Osteoclastogenesis and osteoblastogenesis must be properly balanced for bone homeostasis to be maintained (1,2), and abnormal activation of osteoclasts has been identified in a variety of bone diseases, such as osteoporosis, osseous metastasis and arthritis, which are associated with pathologic bone resorption. Some studies (3,4) have been conducted to investigate how various inflammatory cytokines drive excessive bone loss by suppressing the anabolic functions of osteoblasts and inducing receptor activator of nuclear factor (NF)-κB ligand (RANKL) expression in the osteoblast lineage and stromal cells, thereby promoting osteoclastogenesis. These studies have demonstrated that inflammatory cytokines such as tumor necrosis factor alpha (TNF-α) and interleukin-1 can act in concert with RANKL to augment signaling by RANK and directly promote osteoclastogenesis, but the underlying molecular mechanism remains unclear (5,6).

Osteoclast precursors are derived from hematopoietic stem cells identified in the bone marrow and are the only cells capable of bone resorption (7). Thus, these cells are required for both normal bone homeostasis and pathological bone loss. Their differentiation and activation are regulated by a variety of hormones and cytokines. In particular, RANKL and macrophage colony-stimulating factor (M-CSF) were demonstrated to be essential cytokines for osteoclast differentiation (8). RANKL is a member of the TNF superfamily, and through its receptor RANK, RANKL acts as the primary cytokine mediating osteoclast differentiation by inducing fusion of preosteoclasts to produce mature multinucleated cells (9,10).
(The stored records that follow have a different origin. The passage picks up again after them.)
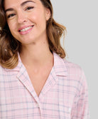 Chemise de nuit d'hiver rose à manches longues et motif à carreaux
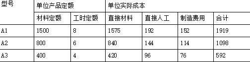 完工产品定额工时=1000×8+2000×6+400×4=21600(小时) 直接人工成本分配率=619200/(21600+4200)=24
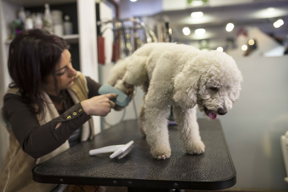 如果真自己搞不定,就直接带狗狗去美容吧。让美容师给狗狗的毛发开结,如果毛发真的打结得很严重,美容师会建议全部都剃掉,不然狗狗毛发过长,很快又会打结。有些狗狗比较敏感,会对剪掉毛或美容后的样子感到难堪,试着鼓励它给它零食吃,让它适应自己的新造型。帮狗狗开结完成后,最好顺便让狗狗去洗个澡,用一些顺滑毛发的美毛产品,让狗狗的毛发不会太容易打结。
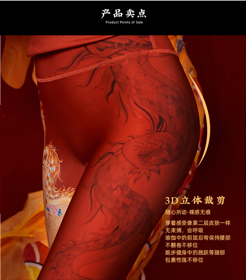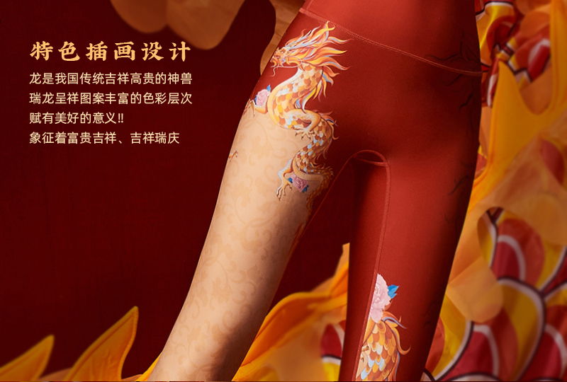 壁虎瑜伽【瑞龙呈祥-裤子】限量款印花瑜伽12分裤【可定制】(标准码)【2024年1月8日发货】

Binding between RANKL and RANK on preosteoclasts leads to the recruitment of TNF receptor-associated factor (TRAF) family proteins, such as TRAF2/6, which activate mitogen-activated protein kinases, as well as NF-κB (11). This signaling activates transcription factors that are required for osteoclast differentiation, such as c-Fos, activator protein-1 and nuclear factor of activated T cells 1 (NFATc1) (12,13) Stimulation with RANKL selectively induces NFATc1 expression, and thus, NFATc1 is considered to function as a master switch for controlling the terminal differentiation of osteoclasts (14).
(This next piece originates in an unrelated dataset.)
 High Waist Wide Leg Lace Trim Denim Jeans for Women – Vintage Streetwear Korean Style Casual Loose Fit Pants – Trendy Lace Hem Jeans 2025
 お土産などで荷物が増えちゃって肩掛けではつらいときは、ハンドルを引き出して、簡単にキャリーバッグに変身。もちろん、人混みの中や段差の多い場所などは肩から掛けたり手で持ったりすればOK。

TNF-α is known to be among the most potent multifunctional inflammatory cytokines. By inducing macrophage cell killing activity, TNF-α serves an important role in the host immune response (15). In addition, TNF-α has been demonstrated to be involved in bone resorption associated with inflammatory diseases of bone (16,17). TNF-α can influence osteoclast precursor differentiation and bone resorption activity through various processes, one of which is the induction of RANKL and M-CSF expression within osteogenic cells, which indirectly promotes the differentiation and function of osteoclasts (18). Another process involves the direct induction of preosteoclast fusion and differentiation, but the specific underlying mechanisms have not been elucidated (19).
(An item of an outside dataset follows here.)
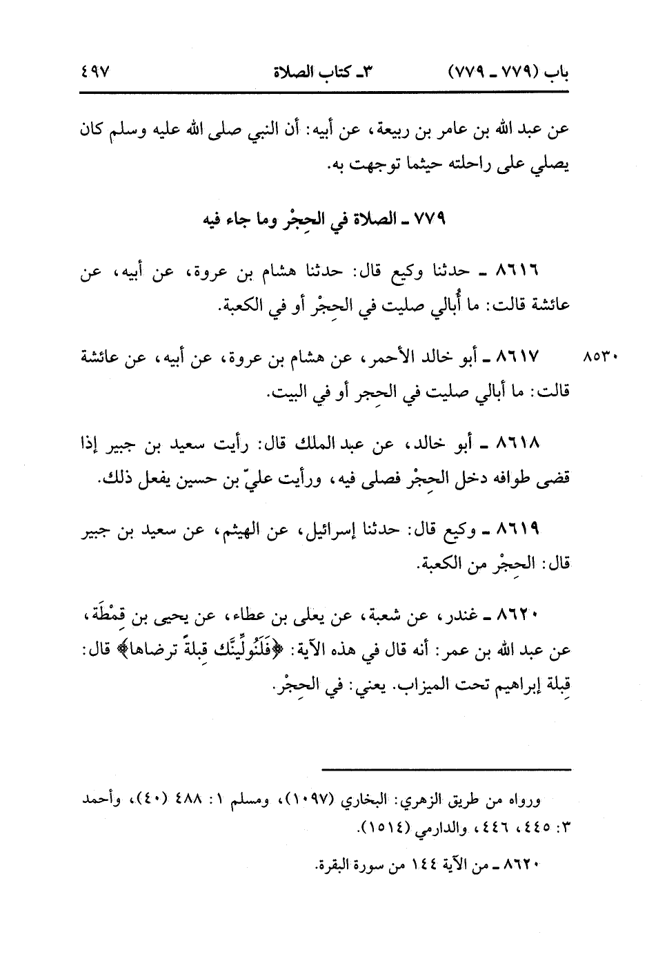 8620- حَدَّثَنَا غُنْدَرٌ ، عَنْ شُعْبَةَ ، عَنْ يَعْلَى بْنِ عَطَاءٍ ، عَنْ يَحْيَى بْنِ قِمطَةَ ، عَنْ عَبْدِ اللهِ بْنِ عُمَرَ : أَنَّهُ قَالَ فِي هَذِهِ الآيَةِ {فَلَنُوَلِّيَنَّكَ قِبْلَةً تَرْضَاهَا} قَالَ : قِبْلَةُ إبْرَاهِيمَ تَحْتَ الْمِيزَابِ ، يَعْنِي فِي الْحِجْرِ. (2/496).
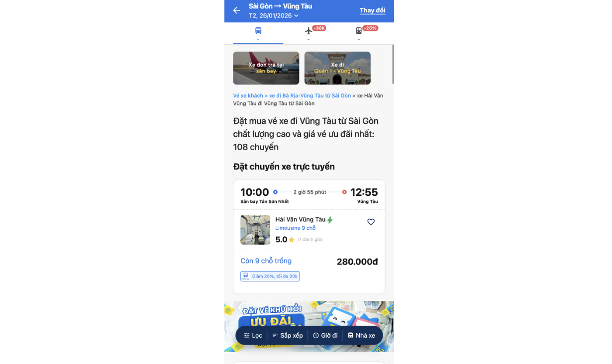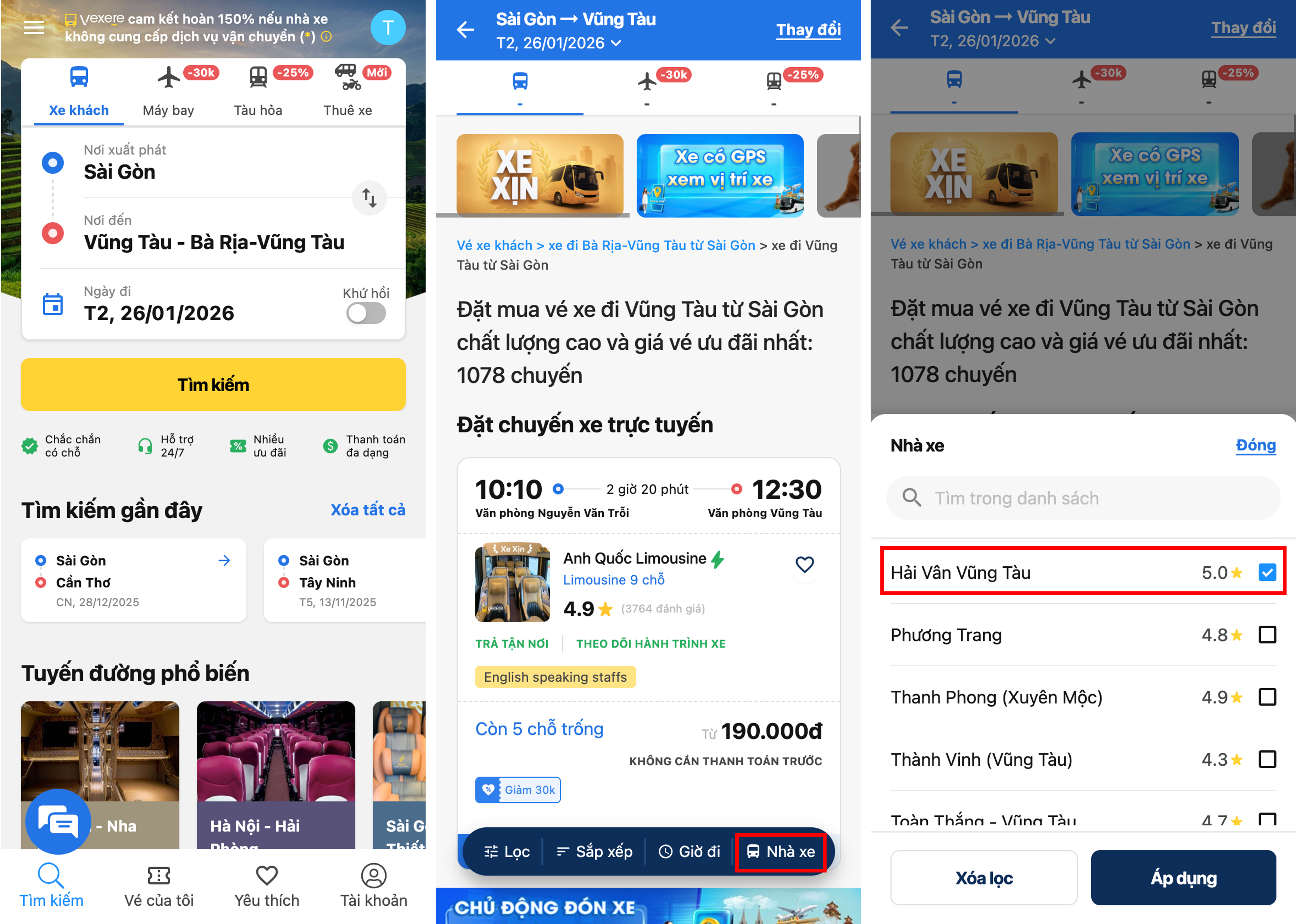 Bước 1: Vào Vexere.com, chọn điểm đi/ điểm đến là Sài Gòn - Vũng Tàu. Sau đó dùng bộ lọc chọn xe Hải Vân Vũng Tàu .

To investigate the molecular mechanism underlying the positive effects of TNF-α on RANKL-induced osteoclast differentiation, then the authors examined the activation of the NF-κB pathway and the expression of RANK during the course of osteoclastogenesis in bone marrow-derived macrophages (BMMs). The results of the present study indicated that TNF-α promotes osteoclast precursor differentiation by working together with RANKL and upregulating RANK expression.

Materials and methods

Cell culture and reagents

The growth medium for primary mouse BMMs was α-minimum essential medium (Gibco; Thermo Fisher Scientific, Inc., Waltham, MA, USA) supplemented with 10% fetal bovine serum (FBS; Gibco; Thermo Fisher Scientific, Inc.) and antibiotics (100 U/ml penicillin and 100 g/ml streptomycin, Gibco; Thermo Fisher Scientific, Inc.). Recombinant murine M-CSF and recombinant murine soluble RANKL were purchased from PeproTech, Inc. (Rocky Hill, NJ, USA). Tartrate-resistant acid phosphatase (TRAP) staining solution 387-A was purchased from Sigma-Aldrich; Merck KGaA (Darmstadt, Germany), and the Cell Counting Kit-8 (CCK-8), a TRAP assay kit (cat. no. P0332) and an inhibitor of NF-κB (BAY 11–7082) were purchased from Beyotime Institute of Biotechnology (Haimen, China). For reverse transcription-quantitative polymerase chain reaction (RT-qPCR), TaqMan® gene expression assays were conducted with Reverse Transcriptase qPCR™ Mastermix No-ROX from Promega Corporation (Madison, WI, USA). Primary antibodies to RANK (sc-59981; 1:500), NF-κB (sc-166588; 1:100), and NFATc1 (sc-7294; 1:3,000) were obtained from Santa Cruz Biotechnology, Inc. (Dallas, TX, USA).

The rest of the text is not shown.